Although the first, second and fourth quantity transmission or tracing modes in the existing quantity transmission or tracing modes have differences in measuring instruments and quantity transmission or tracing processes, the actual contents of the first, second and fourth quantity transmission or tracing modes are not very different, and all the quantity transmission or tracing modes are face-to-face local quantity transmission or tracing modes by using physical standards. In the quantity transmission or tracing method, no matter the unit to be transmitted or traced sends the meter to be checked to the upper-level metering verification/calibration mechanism for verification/calibration (for short, inspection), or the unit to be transmitted or traced asks the technical personnel of the upper-level metering verification/calibration mechanism to go to the site to verify/calibrate the meter to be checked (for short, factory leaving), if the labor productivity is considered, most quantity transmission or tracing processes belong to single-piece pure manual production, and many inconvenient factors exist in the factory leaving by inspection or contact engineers, so that the quantity transmission or tracing method has the following problems:

1) the whole quantity transmission or tracing process is almost purely manually operated, so that the labor cost is high, the preparation and operation time is too long, the efficiency is low, the timeliness is low, the quantity transmission or tracing process of a certain measuring instrument is completed for three or five days if the quantity transmission or tracing process is less, more for ten days if the quantity transmission or tracing process is more, even for one or two months, and the requirements of real-time and high efficiency of the automatic, intelligent or intelligent production in the modern society are not adapted.

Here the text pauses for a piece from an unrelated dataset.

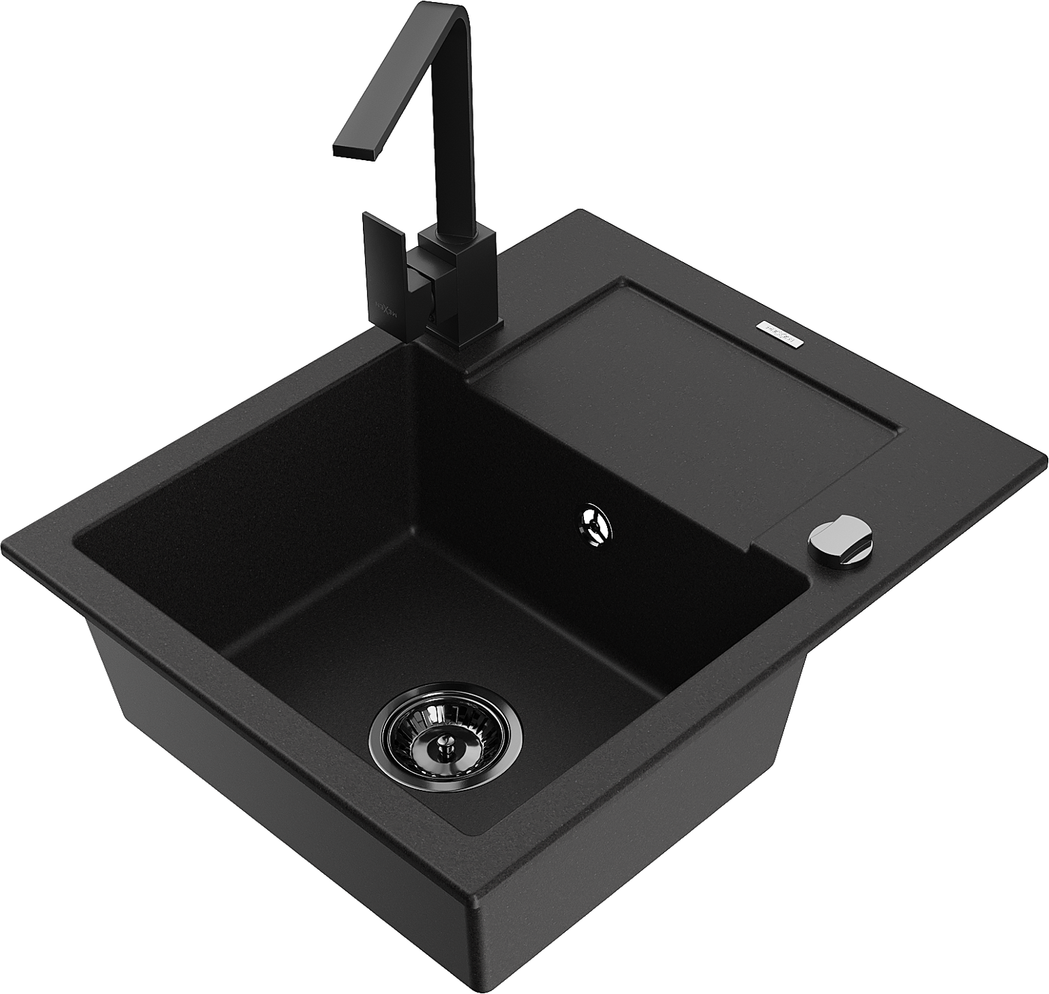 Mexen Enzo gránit mosogató 1-medencés csepegtetővel és Rita konyhai csapteleppel, fekete - 6506-77-670300-70-B
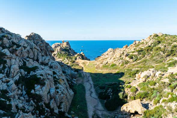 We'll walk along the circular trail at the summit of Capo Testa, among the imposing granite crags. As we keep walking, we'll discover caves and some small coves with beautiful turquoise blue waters.

2) The measurement devices need to be manually transported no matter the measurement devices are requested to be sent to the factory by engineers or manually sent for inspection, which not only takes time and labor, but also causes damage to the measurement devices due to manual disassembly, transportation and road transportation.

3) In the conventional measurement and transmission method, a measurement reference instrument is transmitted to each stage of measurement standard instrument step by step until a working measurement instrument, measurement data of each transmission link cannot be fed back in time, and timeliness, accuracy and reliability of data transmission in a user laboratory cannot be guaranteed.

4) The verification/calibration result of the inspection metering instrument is measured under the specific environmental condition of a standard laboratory of an upper-level metering technical organization, and is often greatly different from the actual environmental condition of the client site.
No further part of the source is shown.